Le communiqué faisant suite à cette entrevue indique qu’« un accent particulier [a été mis] sur la nécessité urgente de trouver une solution juste et durable au conflit israélo-palestinien, capable d'assurer le respect des droits de tous, et donc la réalisation des aspirations légitimes du peuple palestinien à un Etat indépendant ». Soit rien de nouveau dans l’esprit du pape et de l’Eglise, qui s’est à maintes reprises exprimée sur ces notions.
Ce même communiqué mentionne l’inquiétude du pape sur « la situation des communautés chrétiennes dans les Territoires palestiniens et au Moyen-Orient en général ». Il faut donc ici souligner tout l’intérêt que présentent une telle focale particulière, et de telles généralités.
Il convient ici de rappeler que, en janvier 2011, Monseigneur Twal, le patriarche latin de Jérusalem, avait affirmé que les chrétiens sont otages de deux tendances majeures : l’Islam radical – qui les menace physiquement -, et la droite israélienne – qui judaïserait Jérusalem.
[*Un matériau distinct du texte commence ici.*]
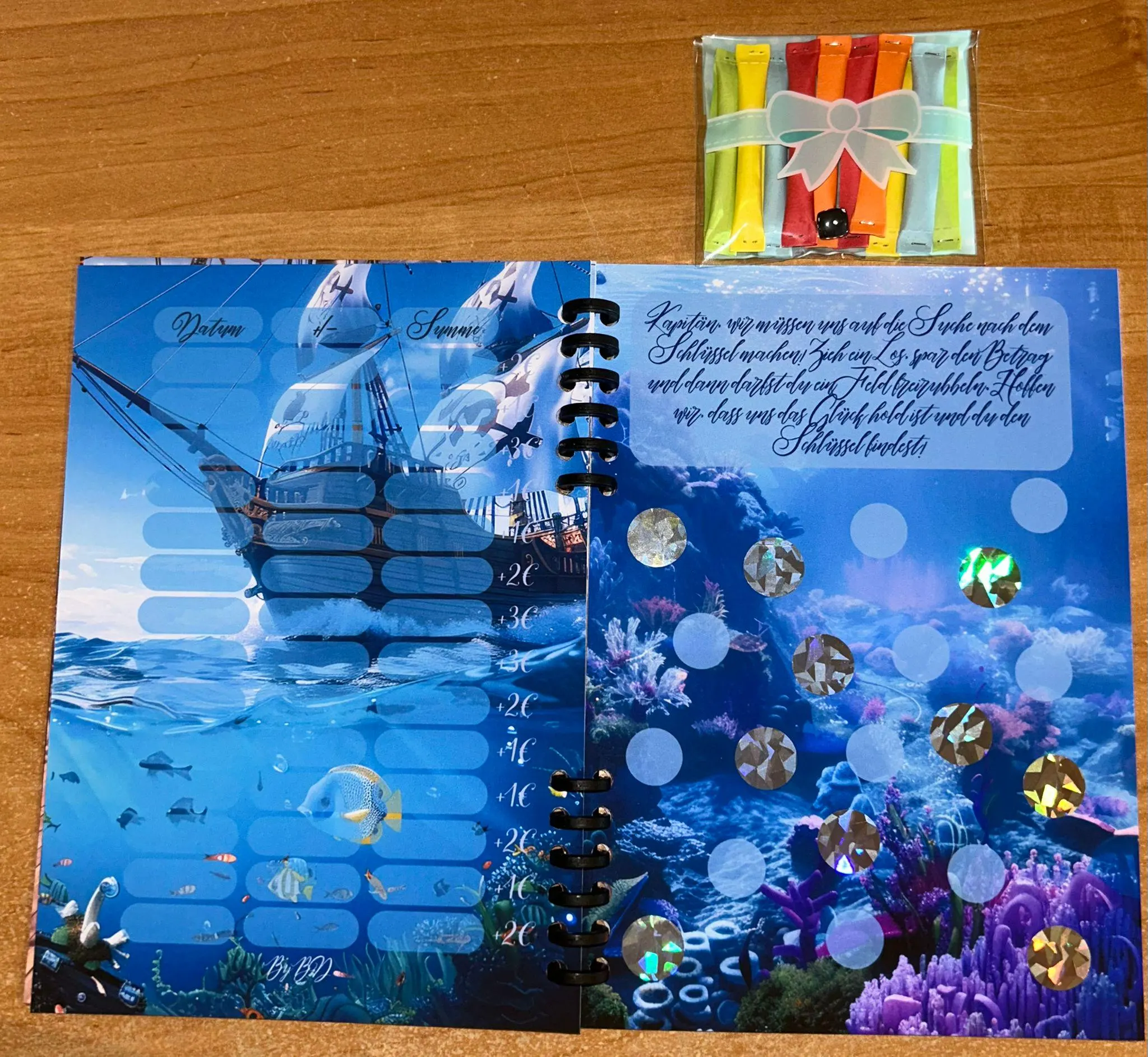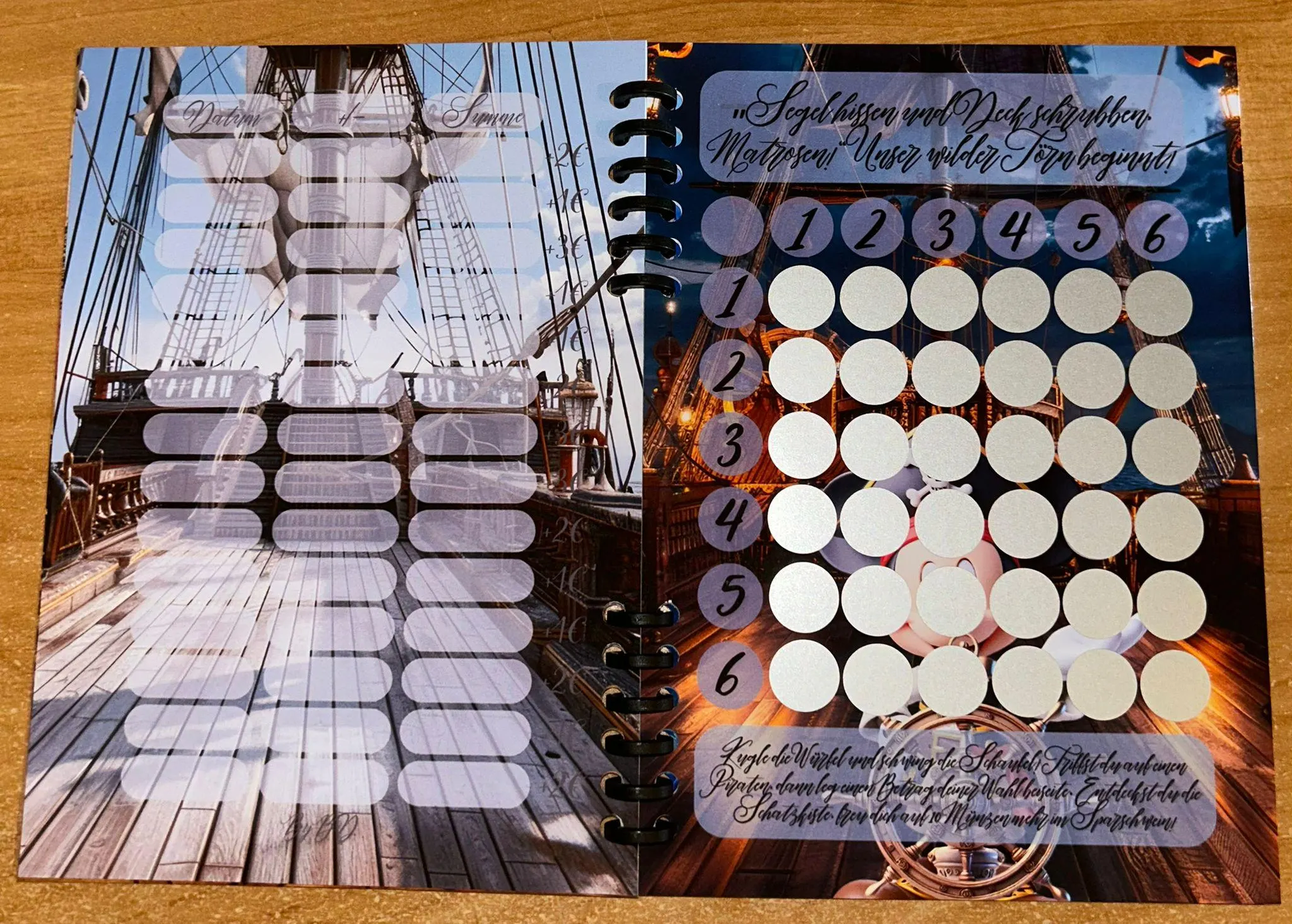 - 7. Seite: Ziehe ein Los und spare den betrag dann such dir ein Feld aus und rubble es frei. Mit Beträgen von 1€-5€ und gesamt Sparbetrag 25€ + ?€ mit 10 Losen.
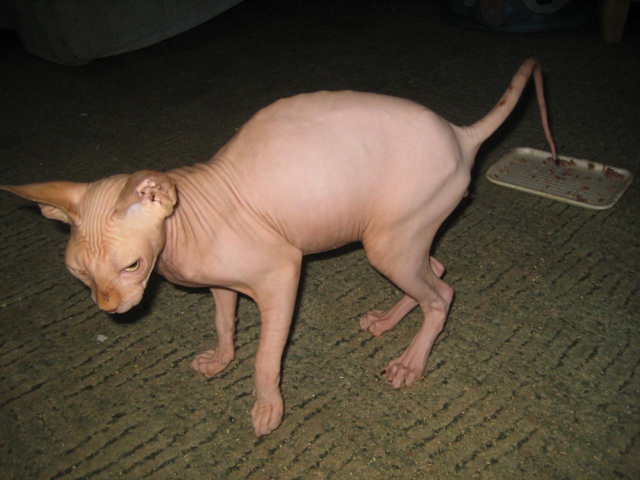 живот нормальный, сфинксячий после еды)) я его накормила, а глистов обязательно буду гнать!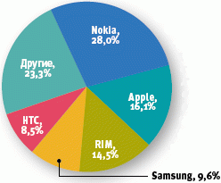 Компания IDC опубликовала отчет по данным о продажах смартфонов в четвертом квартале 2010 года. По данным аналитиков, в четвертом квартале поставщиками было отгружено в общей сложности 100,9 млн смартфонов, что на 87,2% больше, чем за аналогичный период 2009 года. Первое место среди производителей по-прежнему удерживает Nokia, хотя занимаемая ею доля рынка в четвертом квартале сократилась более чем на четверть. На втором месте в списке производителей Apple, сохранившая свою долю рынка. В тройку лидеров вошла также компания RIM. При этом наибольшие темпы роста продемонстрировали производители устройств, работающих на базе Android, — компании Samsung и HTC.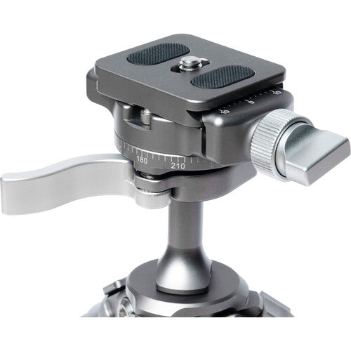 The Explorer GX-01 Gravity Explorer Ball Head is designed to be as compact and portable as possible while supporting up to 5kg (11lbs)of gear on an ARCA compatible mounting clamp. A dual-action knob secures the provided Explorer EX-37 quick release plate and acts as the panning release to shoot 360° panoramic images. Quick adjustments to composition and positioning can be made through the inverted ball head design.

Doit-on comprendre que le salut des communautés chrétiennes au Moyen-Orient passerait, pour les autorités chrétiennes, par la création d’un Etat palestinien, au sens où les chrétiens seraient les victimes collatérales de l’existence de l’Etat juif avec Jérusalem pour capitale ?
La « résolution du conflit israélo-palestinien » serait en effet l’une des préoccupations majeures du Saint-Père.
Pourtant, c’est bien en Israël que les Chrétiens sont libres de pratiquer leur foi au grand jour, et bien dans l’ensemble des pays musulmans qu’ils sont régulièrement victimes de persécutions, de l’Irak et l’Egypte au Pakistan en termes de pogroms, et de l’Algérie au Maroc en terme d’interdiction de libre conscience.
La Chine n’est pas en reste en matière de persécutions religieuses, et au problème des chrétiens extrême orientaux, le Saint-Siège n’oppose pas la résolution du problème tibétain.